BEGIN Stored data
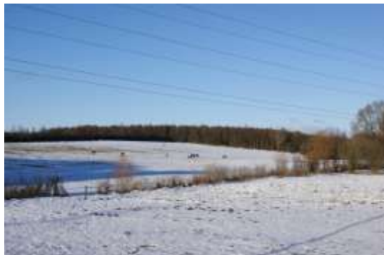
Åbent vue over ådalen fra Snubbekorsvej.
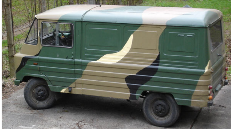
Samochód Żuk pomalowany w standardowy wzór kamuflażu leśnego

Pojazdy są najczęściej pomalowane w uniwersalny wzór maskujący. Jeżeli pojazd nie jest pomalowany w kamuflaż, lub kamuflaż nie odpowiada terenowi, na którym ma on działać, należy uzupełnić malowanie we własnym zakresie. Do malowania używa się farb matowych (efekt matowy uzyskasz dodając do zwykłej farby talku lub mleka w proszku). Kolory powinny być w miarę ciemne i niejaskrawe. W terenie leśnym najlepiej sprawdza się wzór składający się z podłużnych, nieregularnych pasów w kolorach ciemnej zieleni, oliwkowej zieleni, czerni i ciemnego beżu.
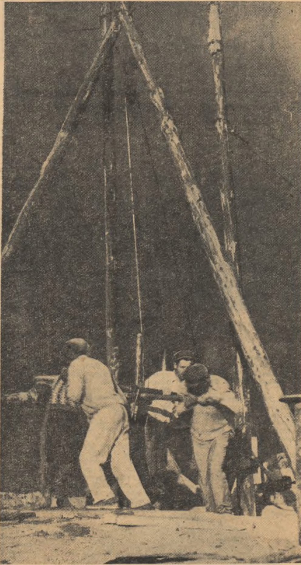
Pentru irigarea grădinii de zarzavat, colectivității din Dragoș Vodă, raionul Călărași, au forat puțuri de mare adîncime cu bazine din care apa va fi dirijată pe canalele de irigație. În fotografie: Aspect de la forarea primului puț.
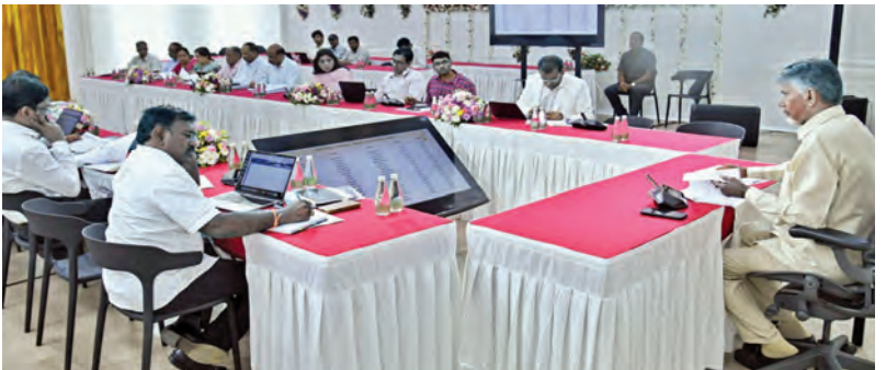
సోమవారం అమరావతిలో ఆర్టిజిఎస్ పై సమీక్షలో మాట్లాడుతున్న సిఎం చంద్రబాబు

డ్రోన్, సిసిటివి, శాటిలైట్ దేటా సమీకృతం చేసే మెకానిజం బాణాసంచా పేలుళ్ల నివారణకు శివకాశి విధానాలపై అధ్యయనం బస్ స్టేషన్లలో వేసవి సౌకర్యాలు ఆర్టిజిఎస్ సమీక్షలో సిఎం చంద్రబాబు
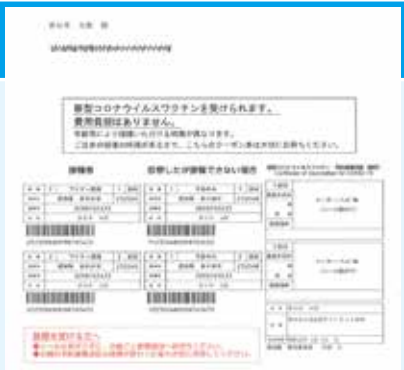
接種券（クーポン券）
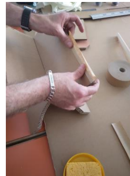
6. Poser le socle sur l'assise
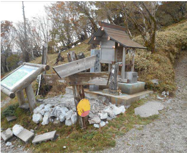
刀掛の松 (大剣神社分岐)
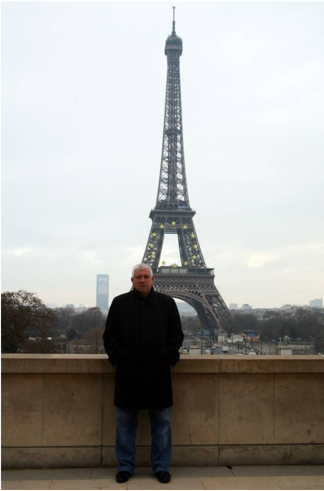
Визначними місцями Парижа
END Stored data
### [Instructions to follow]
For each line of the material that contains the word "wzór", make a copy.

### [Response box]
Samochód Żuk pomalowany w standardowy wzór kamuflażu leśnego
Pojazdy są najczęściej pomalowane w uniwersalny wzór maskujący. Jeżeli pojazd nie jest pomalowany w kamuflaż, lub kamuflaż nie odpowiada terenowi, na którym ma on działać, należy uzupełnić malowanie we własnym zakresie. Do malowania używa się farb matowych (efekt matowy uzyskasz dodając do zwykłej farby talku lub mleka w proszku). Kolory powinny być w miarę ciemne i niejaskrawe. W terenie leśnym najlepiej sprawdza się wzór składający się z podłużnych, nieregularnych pasów w kolorach ciemnej zieleni, oliwkowej zieleni, czerni i ciemnego beżu.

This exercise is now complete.